The scaling limit of the root component in the Wired Minimal Spanning Forest of the Poisson Weighted Infinite Tree

TL;DR

This paper establishes a scaling limit for the root component of the Wired Minimal Spanning Forest on the Poisson-Weighted Infinite Tree, revealing how it converges to a structure formed by Brownian trees through specific gluing procedures.

Contribution

It introduces a novel scaling limit for the root component of the WMSF on the PWIT, connecting it to Brownian tree aggregation and chain constructions.

Findings

The root component converges to a limit described by Brownian trees.
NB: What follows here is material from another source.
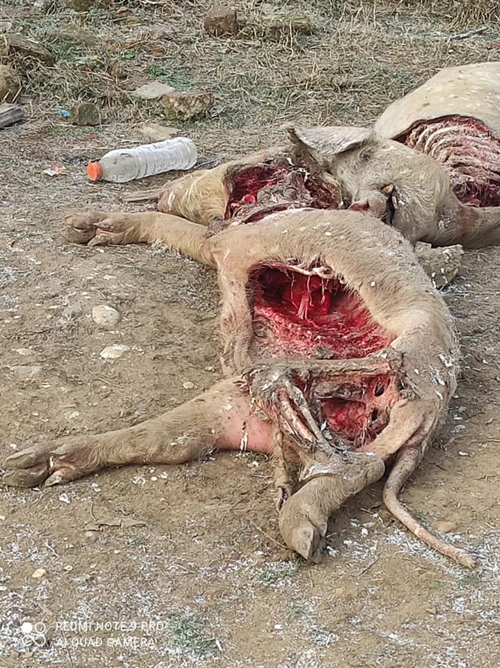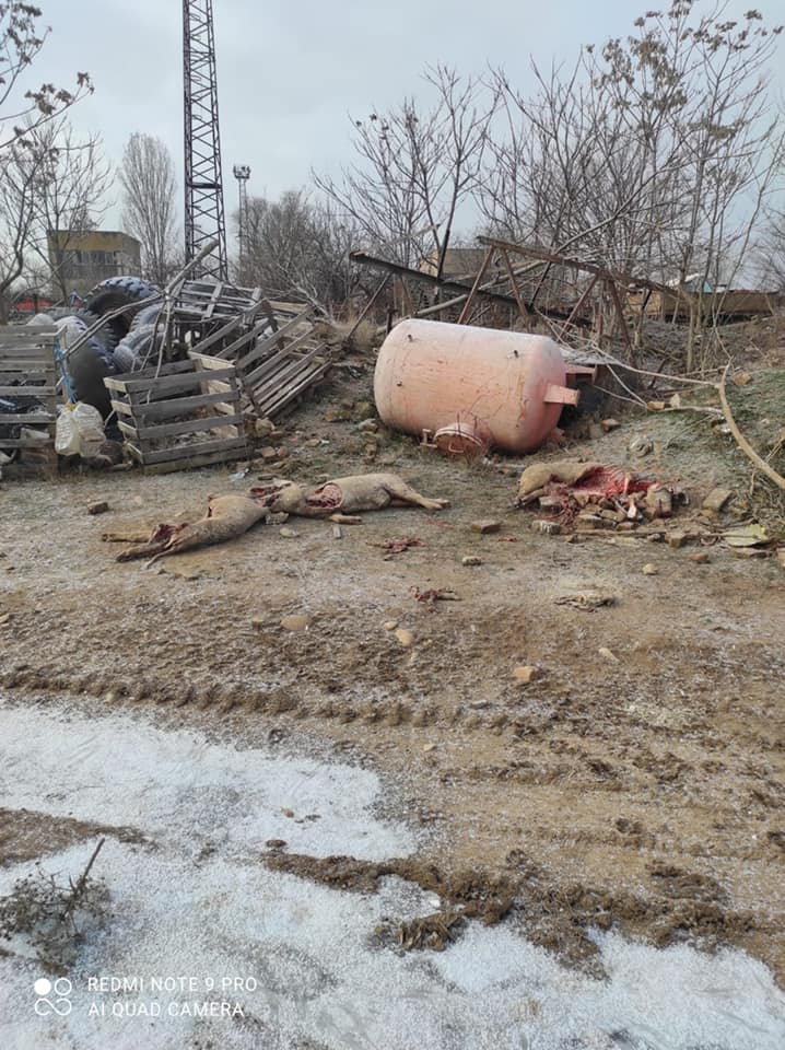 Кадрите с измрели животни меко казано наподобяват сцени от касов холивудски хорър. Свинете вероятно са станали храна на бездомните кучета, тъй като цели участъци от труповете им са оглозгани.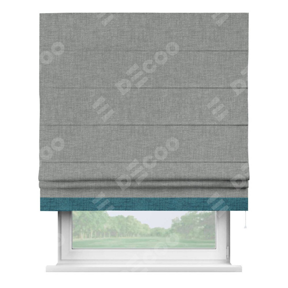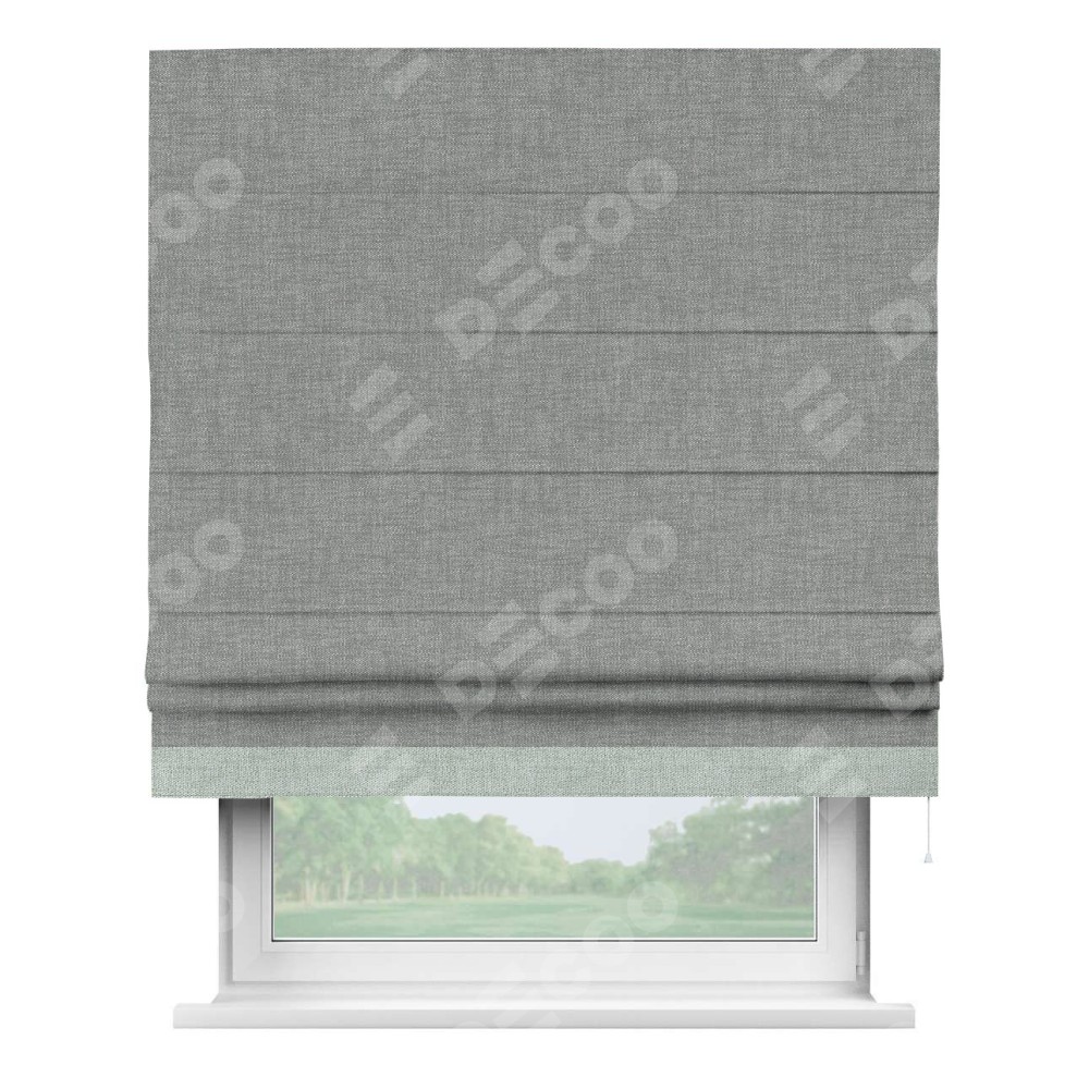 Римская штора производителя «Cortin», используется для проёма, пошита из ткани рогожка димаут тёмно-серый, артикул 80418. Отделка шторы кантом «Джестер», ткань для канта используется из рогожки димаут разной расцветки на выбор. Имеет универсальный механизм и подходит для монтажа: на потолок, на стену и в нишу.

The limit involves two types of gluing procedures: Brownian tree aggregation and chain construction.

Provides a new perspective on the structure of minimal spanning forests in infinite graphs.

Abstract

In this paper we prove a scaling limit result for the component of the root in the Wired Minimal Spanning Forest (WMSF) of the Poisson-Weighted Infinite Tree (PWIT), where the latter tree arises as the local weak limit of the Minimal Spanning Tree (MST) on the complete graph endowed with i.i.d. weights on its edges. The limiting object can be obtained by aggregating independent Brownian trees using two types of gluing procedures: one that we call the Brownian tree aggregation process and resembles the so-called stick-breaking construction of the Brownian tree; and another one that we call the chain construction, which simply corresponds to gluing a sequence of metric spaces along a line.